= Records for this task =
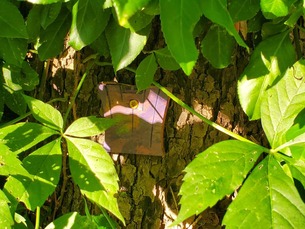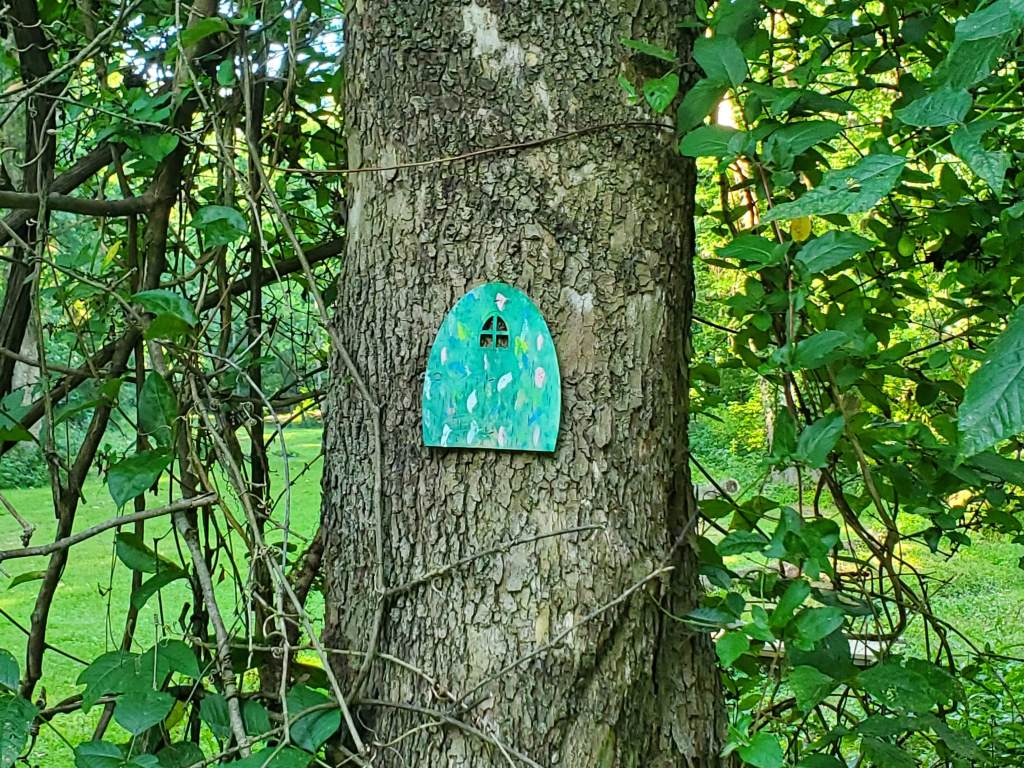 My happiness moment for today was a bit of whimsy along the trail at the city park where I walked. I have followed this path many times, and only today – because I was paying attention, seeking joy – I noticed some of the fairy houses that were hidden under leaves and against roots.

...

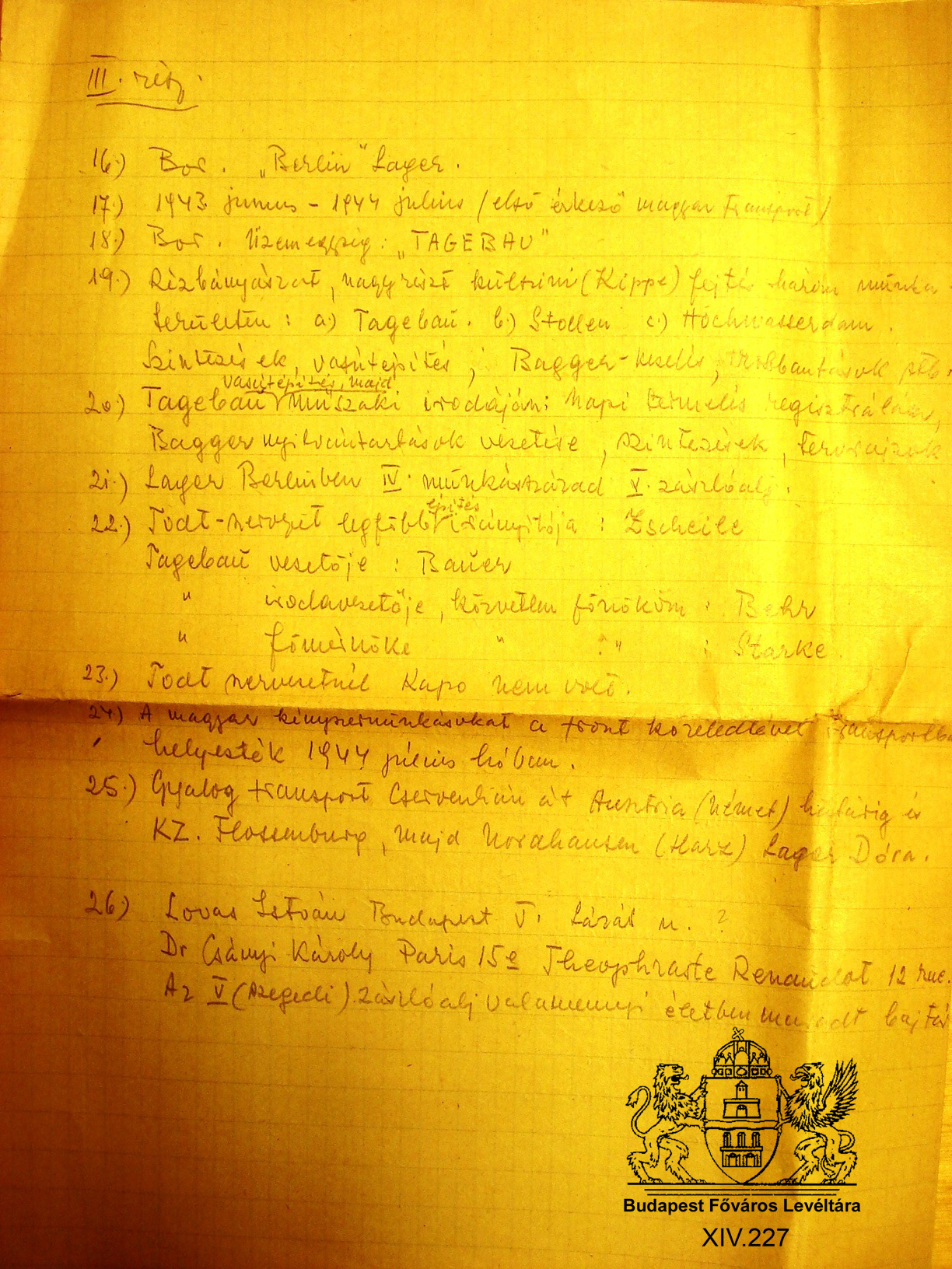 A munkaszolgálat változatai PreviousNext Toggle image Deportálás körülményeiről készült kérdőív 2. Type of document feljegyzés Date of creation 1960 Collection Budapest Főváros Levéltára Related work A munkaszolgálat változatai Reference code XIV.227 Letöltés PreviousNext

---

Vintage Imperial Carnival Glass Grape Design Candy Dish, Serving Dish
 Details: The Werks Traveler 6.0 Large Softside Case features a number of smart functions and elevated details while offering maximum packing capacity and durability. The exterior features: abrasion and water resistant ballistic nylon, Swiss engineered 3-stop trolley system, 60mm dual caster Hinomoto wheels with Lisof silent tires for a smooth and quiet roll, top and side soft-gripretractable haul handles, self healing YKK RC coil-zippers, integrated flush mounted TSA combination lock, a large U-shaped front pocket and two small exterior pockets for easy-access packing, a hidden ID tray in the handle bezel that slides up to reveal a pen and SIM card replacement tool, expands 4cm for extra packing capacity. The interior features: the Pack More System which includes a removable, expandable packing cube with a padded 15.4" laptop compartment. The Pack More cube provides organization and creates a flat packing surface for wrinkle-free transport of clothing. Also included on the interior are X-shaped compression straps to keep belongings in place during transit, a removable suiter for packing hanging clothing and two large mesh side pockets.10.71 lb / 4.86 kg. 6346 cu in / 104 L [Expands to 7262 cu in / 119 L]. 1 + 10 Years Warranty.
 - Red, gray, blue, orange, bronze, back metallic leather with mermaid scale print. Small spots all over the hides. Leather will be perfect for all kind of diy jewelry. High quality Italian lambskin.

= Task description =
What lines in the data above contain the word "with"? Copy them all.

= Output =
 Details: The Werks Traveler 6.0 Large Softside Case features a number of smart functions and elevated details while offering maximum packing capacity and durability. The exterior features: abrasion and water resistant ballistic nylon, Swiss engineered 3-stop trolley system, 60mm dual caster Hinomoto wheels with Lisof silent tires for a smooth and quiet roll, top and side soft-gripretractable haul handles, self healing YKK RC coil-zippers, integrated flush mounted TSA combination lock, a large U-shaped front pocket and two small exterior pockets for easy-access packing, a hidden ID tray in the handle bezel that slides up to reveal a pen and SIM card replacement tool, expands 4cm for extra packing capacity. The interior features: the Pack More System which includes a removable, expandable packing cube with a padded 15.4" laptop compartment. The Pack More cube provides organization and creates a flat packing surface for wrinkle-free transport of clothing. Also included on the interior are X-shaped compression straps to keep belongings in place during transit, a removable suiter for packing hanging clothing and two large mesh side pockets.10.71 lb / 4.86 kg. 6346 cu in / 104 L [Expands to 7262 cu in / 119 L]. 1 + 10 Years Warranty.
 - Red, gray, blue, orange, bronze, back metallic leather with mermaid scale print. Small spots all over the hides. Leather will be perfect for all kind of diy jewelry. High quality Italian lambskin.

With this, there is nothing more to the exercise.